Exercise = All pictures are to be dropped, and everything else in the data duplicated exactly.

Provided material =
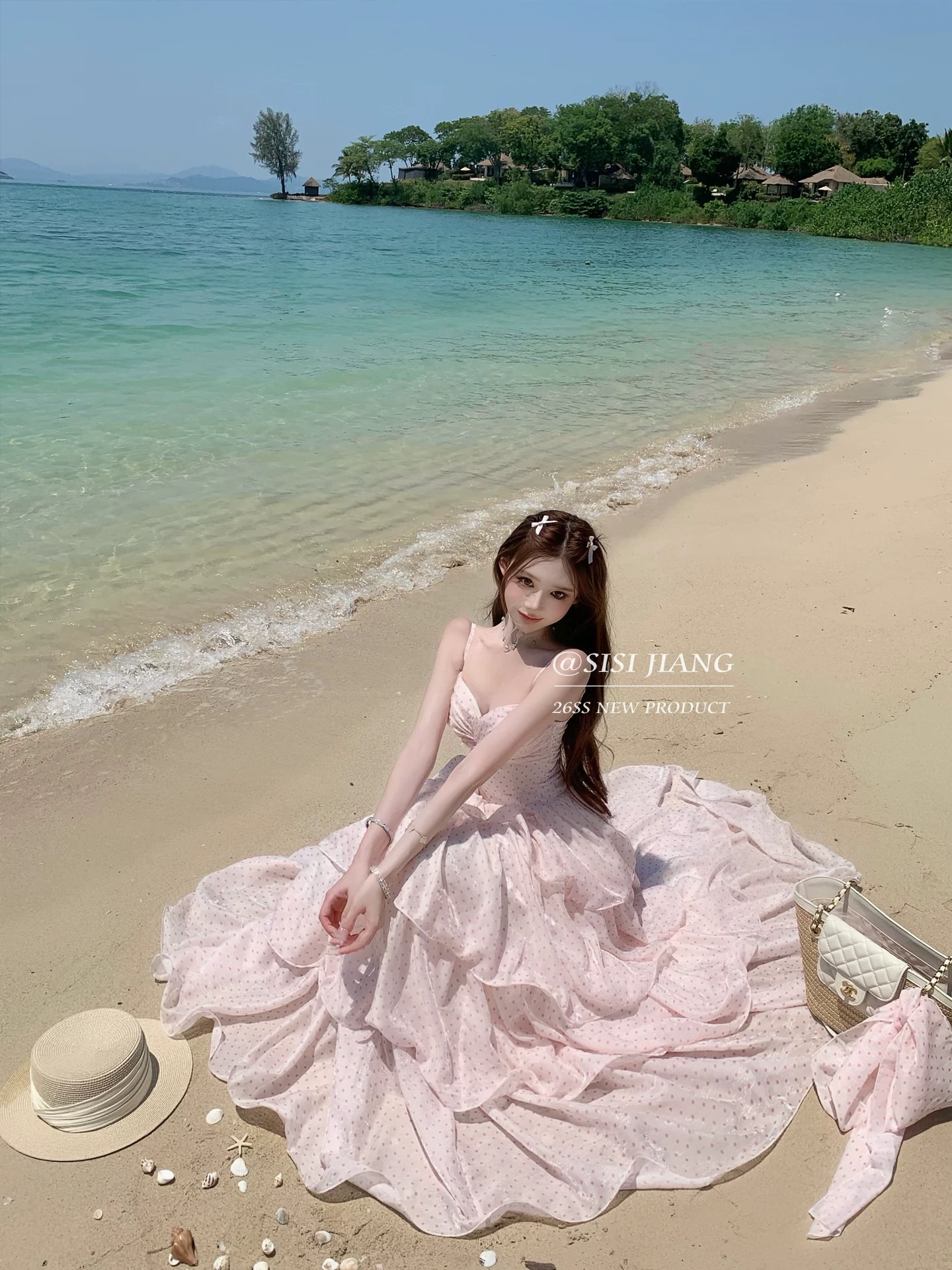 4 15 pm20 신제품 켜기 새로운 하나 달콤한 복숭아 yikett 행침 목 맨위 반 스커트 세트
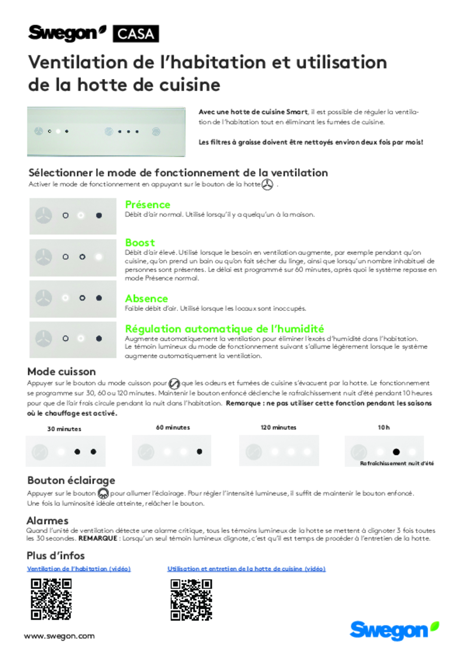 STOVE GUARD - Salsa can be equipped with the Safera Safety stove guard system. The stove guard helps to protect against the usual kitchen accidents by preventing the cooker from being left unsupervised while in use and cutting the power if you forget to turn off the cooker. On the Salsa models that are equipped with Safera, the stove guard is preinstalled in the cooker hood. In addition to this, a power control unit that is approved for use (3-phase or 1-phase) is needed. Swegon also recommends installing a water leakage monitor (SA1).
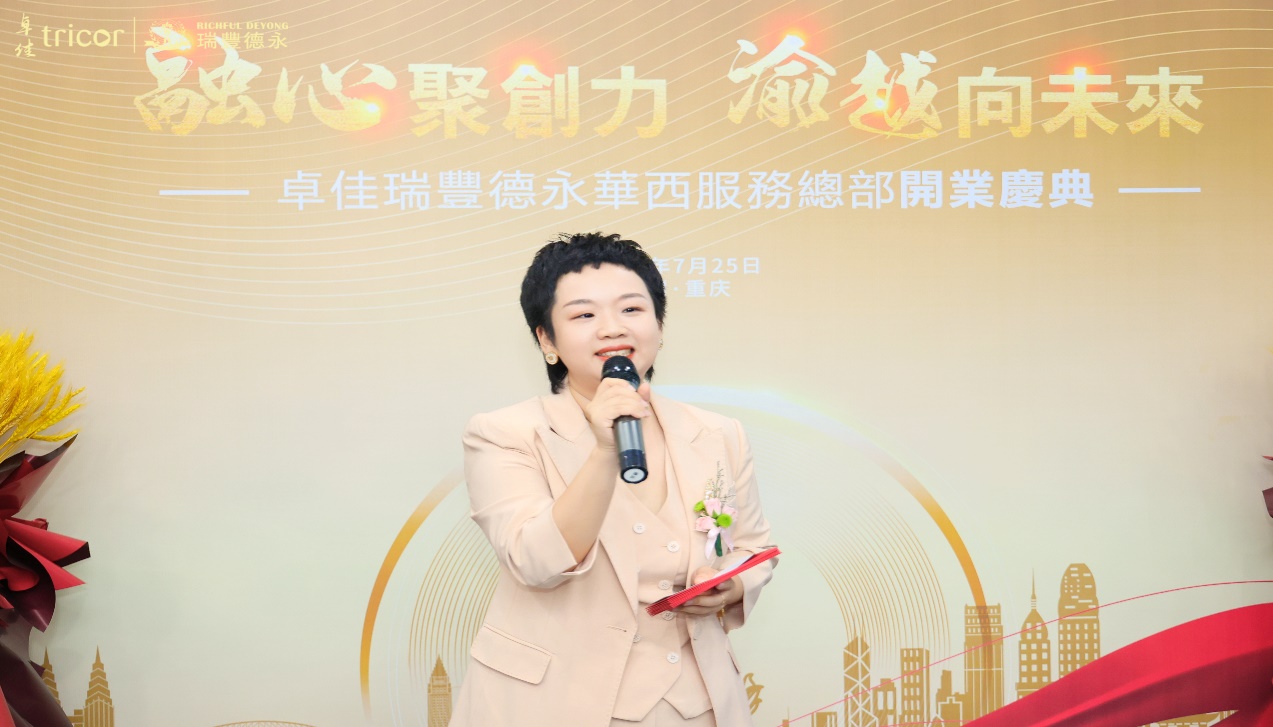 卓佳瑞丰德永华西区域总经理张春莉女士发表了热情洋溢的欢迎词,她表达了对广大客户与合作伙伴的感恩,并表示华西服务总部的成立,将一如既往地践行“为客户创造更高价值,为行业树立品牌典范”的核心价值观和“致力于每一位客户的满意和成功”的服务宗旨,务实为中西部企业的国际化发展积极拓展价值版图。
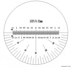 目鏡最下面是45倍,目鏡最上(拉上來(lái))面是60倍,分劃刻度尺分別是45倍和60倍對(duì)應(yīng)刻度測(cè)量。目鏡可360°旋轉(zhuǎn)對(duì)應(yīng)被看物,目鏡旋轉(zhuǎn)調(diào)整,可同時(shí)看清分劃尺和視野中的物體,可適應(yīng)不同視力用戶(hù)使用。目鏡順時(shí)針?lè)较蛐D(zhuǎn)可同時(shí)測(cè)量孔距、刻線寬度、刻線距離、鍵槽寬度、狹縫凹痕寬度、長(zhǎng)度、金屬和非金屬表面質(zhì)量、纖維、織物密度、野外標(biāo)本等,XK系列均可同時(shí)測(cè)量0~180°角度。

Output =
 4 15 pm20 신제품 켜기 새로운 하나 달콤한 복숭아 yikett 행침 목 맨위 반 스커트 세트
 STOVE GUARD - Salsa can be equipped with the Safera Safety stove guard system. The stove guard helps to protect against the usual kitchen accidents by preventing the cooker from being left unsupervised while in use and cutting the power if you forget to turn off the cooker. On the Salsa models that are equipped with Safera, the stove guard is preinstalled in the cooker hood. In addition to this, a power control unit that is approved for use (3-phase or 1-phase) is needed. Swegon also recommends installing a water leakage monitor (SA1).
 卓佳瑞丰德永华西区域总经理张春莉女士发表了热情洋溢的欢迎词,她表达了对广大客户与合作伙伴的感恩,并表示华西服务总部的成立,将一如既往地践行“为客户创造更高价值,为行业树立品牌典范”的核心价值观和“致力于每一位客户的满意和成功”的服务宗旨,务实为中西部企业的国际化发展积极拓展价值版图。
 目鏡最下面是45倍,目鏡最上(拉上來(lái))面是60倍,分劃刻度尺分別是45倍和60倍對(duì)應(yīng)刻度測(cè)量。目鏡可360°旋轉(zhuǎn)對(duì)應(yīng)被看物,目鏡旋轉(zhuǎn)調(diào)整,可同時(shí)看清分劃尺和視野中的物體,可適應(yīng)不同視力用戶(hù)使用。目鏡順時(shí)針?lè)较蛐D(zhuǎn)可同時(shí)測(cè)量孔距、刻線寬度、刻線距離、鍵槽寬度、狹縫凹痕寬度、長(zhǎng)度、金屬和非金屬表面質(zhì)量、纖維、織物密度、野外標(biāo)本等,XK系列均可同時(shí)測(cè)量0~180°角度。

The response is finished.